Dataset extract
• • • • •
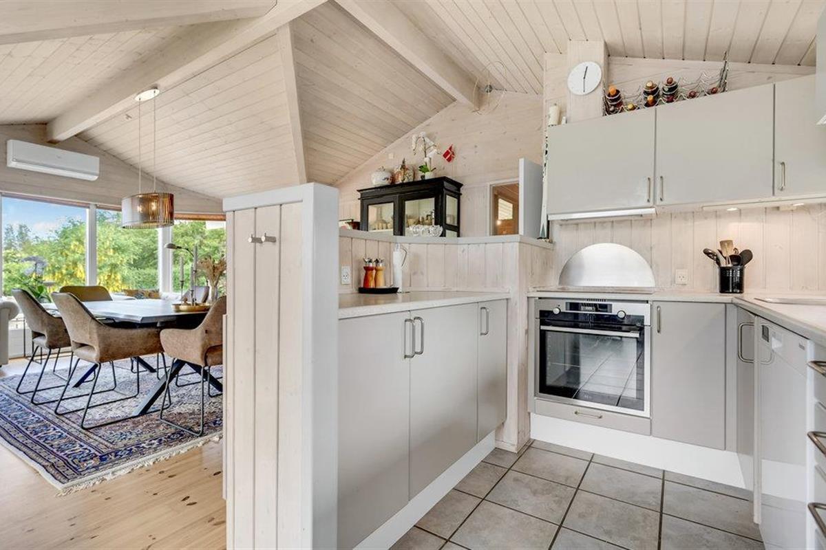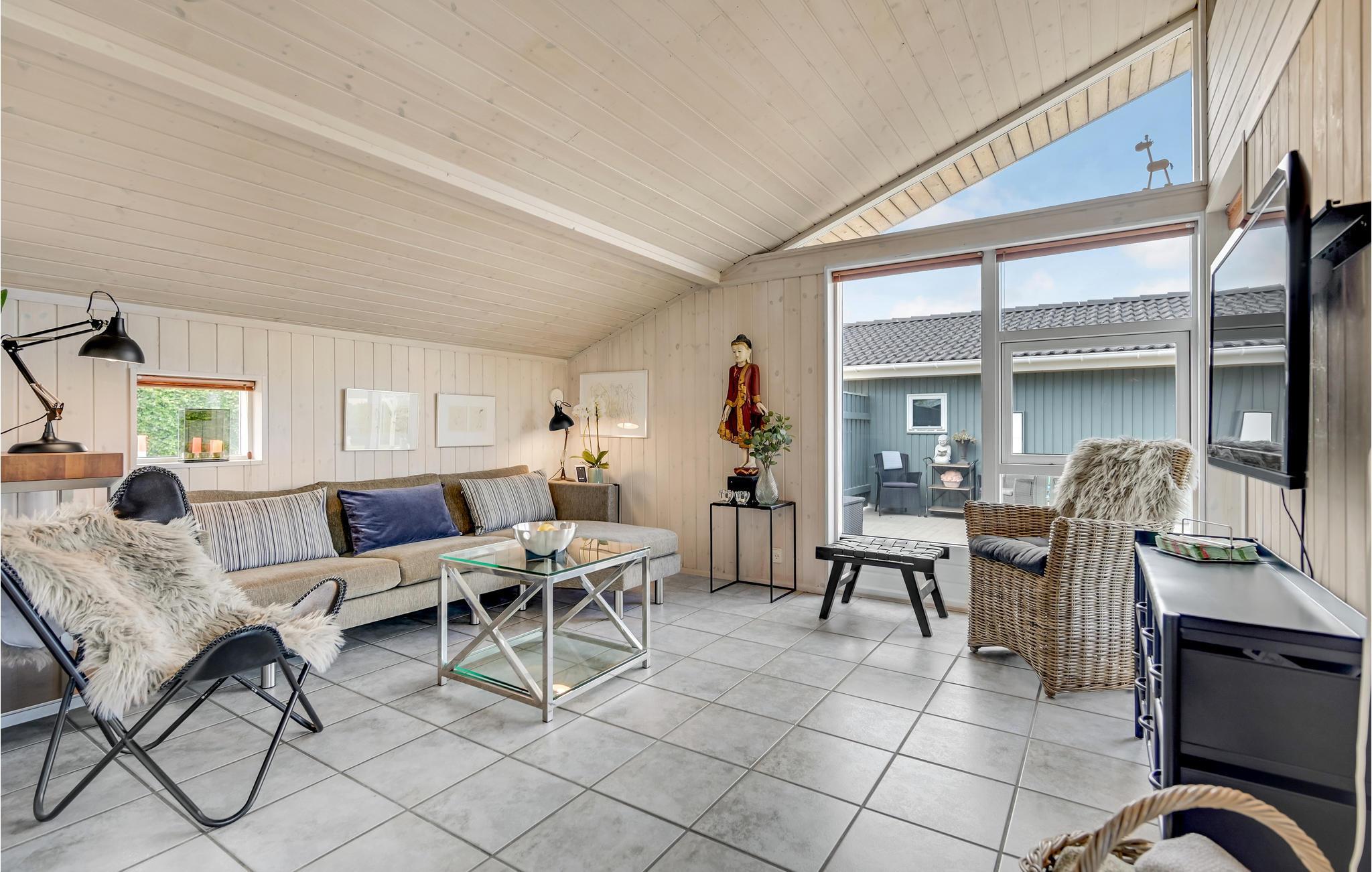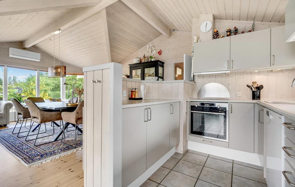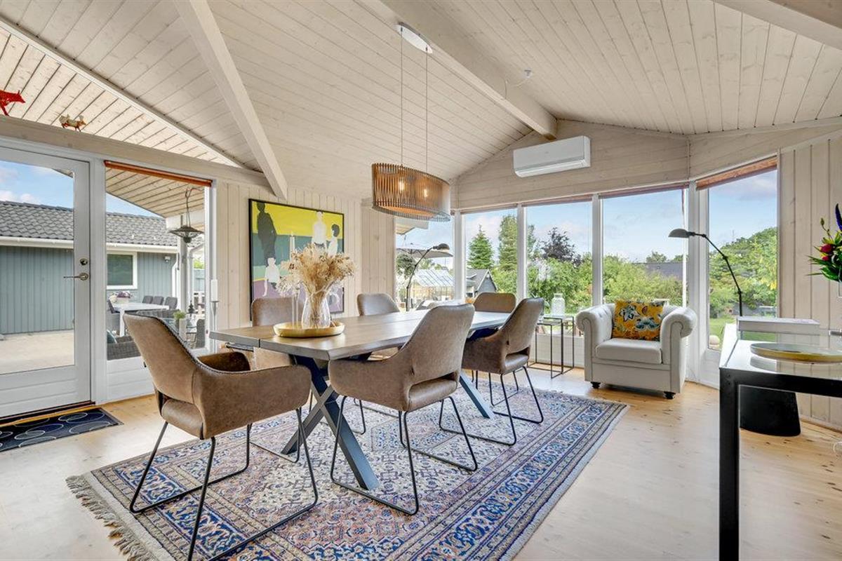 Trakteer jezelf op een welverdiende pauze van de drukte van alledag in de buurt van Skæring Strand. Binnen word je begroet door een stijlvolle combinatie van heldere en warme kleuren, hoge plafonds, modern en smaakvol meubilair en een overvloed aan natuurlijk licht dat door de grote ramen naar binnen stroomt. Dit alles geeft je een gevoel van lichtheid, ruimte, rust en harmonie. In de goed uitgeruste keuken kun je uitkijken naar spannende kookervaringen met je kinderen, en de eettafel is de ideale plek voor een gezellig samenzijn met bord- of kaartspellen.
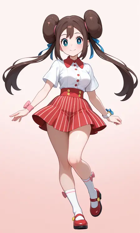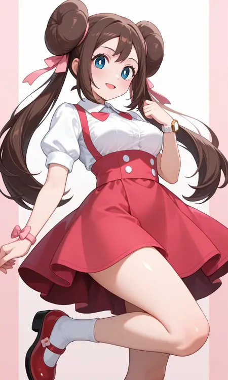 Rosa (Pokemon All Series), long hair, brown hair, double bun, doughnut hair bun, twintails, blue eyes, white pupils, pink bow, wristwatch on one arm, medium breasts, thighs, hair ribbon, blue ribbon. dress, collared shirt, white shirt, short sleeves, red buttons, red skirt, medium skirt, striped skirt, blue stripes, multicolored clothess, white pockets, wrist bow, pink bow, single bracelet, white socks, red footwear, mary janes
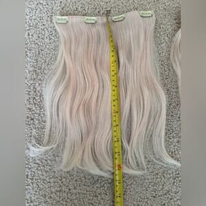 This listing includes a complete 5-piece set of authentic BELLAMI Silk Seam clip-in extensions in stunning Platinum Blonde:
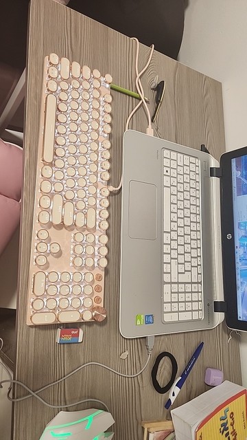 Un teclado hermoso que es más de color melocotón que rosa, lo cual me queda mucho mejor personalmente. Tiene retroiluminación y un sonido agradable. Mañana revisaré las opciones.
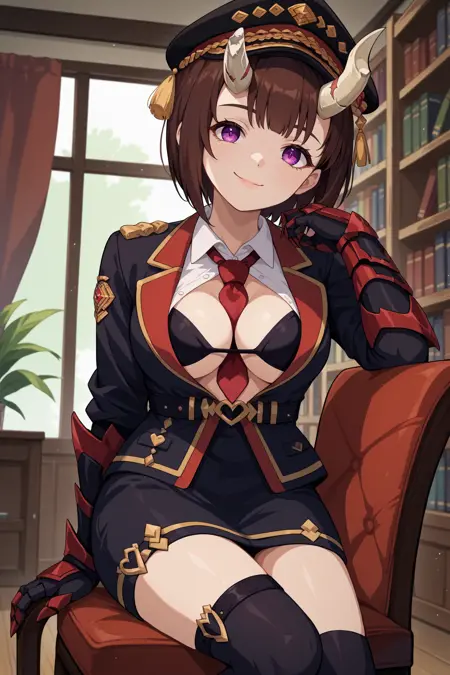Add "cdrEko, brown hair, short hair, bob cut, broken horn, demon horns, purple eyes, peaked cap, black hat, black jacket, collared shirt, red necktie, necktie between breasts, black gauntlets, black bra, black skirt, thigh strap, black thighhighs" for her Commander alt.
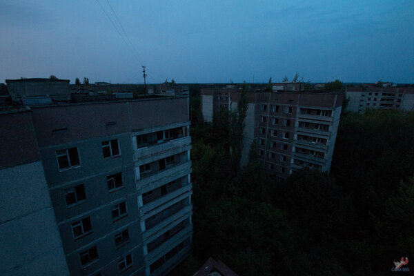 Спускаясь по лестнице, мы старались идти как можно тише, но каждый шаг, каждый хруст ветки отдавался эхом по всему микрорайону. И это было слышно повсюду, но никто не решался выйти навстречу — разве только наши знакомые, с которыми мы договорились заранее. Дворы погружены в абсолютную темноту. Если замереть и прислушаться, можно уловить отдалённый гул атомной станции. В остальном — гробовая тишина, которую лишь изредка нарушают звуки природы: внезапный крик птицы, рычание лося или чья-то неосторожность, когда кто-то наступает на гнилую ветку и выдаёт себя громким матом.
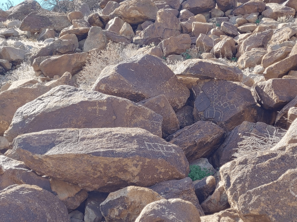 I was able to locate the petroglyphs I missed in the morning. They were on some large boulders on the western side of the beginning of a large canyon near where the Corp Benchmark was supposed to be. Very cool!
• • • • •
Exercise aim
Type out all the records verbatim, minus images.

Exercise answer
 Trakteer jezelf op een welverdiende pauze van de drukte van alledag in de buurt van Skæring Strand. Binnen word je begroet door een stijlvolle combinatie van heldere en warme kleuren, hoge plafonds, modern en smaakvol meubilair en een overvloed aan natuurlijk licht dat door de grote ramen naar binnen stroomt. Dit alles geeft je een gevoel van lichtheid, ruimte, rust en harmonie. In de goed uitgeruste keuken kun je uitkijken naar spannende kookervaringen met je kinderen, en de eettafel is de ideale plek voor een gezellig samenzijn met bord- of kaartspellen.
 Rosa (Pokemon All Series), long hair, brown hair, double bun, doughnut hair bun, twintails, blue eyes, white pupils, pink bow, wristwatch on one arm, medium breasts, thighs, hair ribbon, blue ribbon. dress, collared shirt, white shirt, short sleeves, red buttons, red skirt, medium skirt, striped skirt, blue stripes, multicolored clothess, white pockets, wrist bow, pink bow, single bracelet, white socks, red footwear, mary janes
 This listing includes a complete 5-piece set of authentic BELLAMI Silk Seam clip-in extensions in stunning Platinum Blonde:
 Un teclado hermoso que es más de color melocotón que rosa, lo cual me queda mucho mejor personalmente. Tiene retroiluminación y un sonido agradable. Mañana revisaré las opciones.
Add "cdrEko, brown hair, short hair, bob cut, broken horn, demon horns, purple eyes, peaked cap, black hat, black jacket, collared shirt, red necktie, necktie between breasts, black gauntlets, black bra, black skirt, thigh strap, black thighhighs" for her Commander alt.
 Спускаясь по лестнице, мы старались идти как можно тише, но каждый шаг, каждый хруст ветки отдавался эхом по всему микрорайону. И это было слышно повсюду, но никто не решался выйти навстречу — разве только наши знакомые, с которыми мы договорились заранее. Дворы погружены в абсолютную темноту. Если замереть и прислушаться, можно уловить отдалённый гул атомной станции. В остальном — гробовая тишина, которую лишь изредка нарушают звуки природы: внезапный крик птицы, рычание лося или чья-то неосторожность, когда кто-то наступает на гнилую ветку и выдаёт себя громким матом.
 I was able to locate the petroglyphs I missed in the morning. They were on some large boulders on the western side of the beginning of a large canyon near where the Corp Benchmark was supposed to be. Very cool!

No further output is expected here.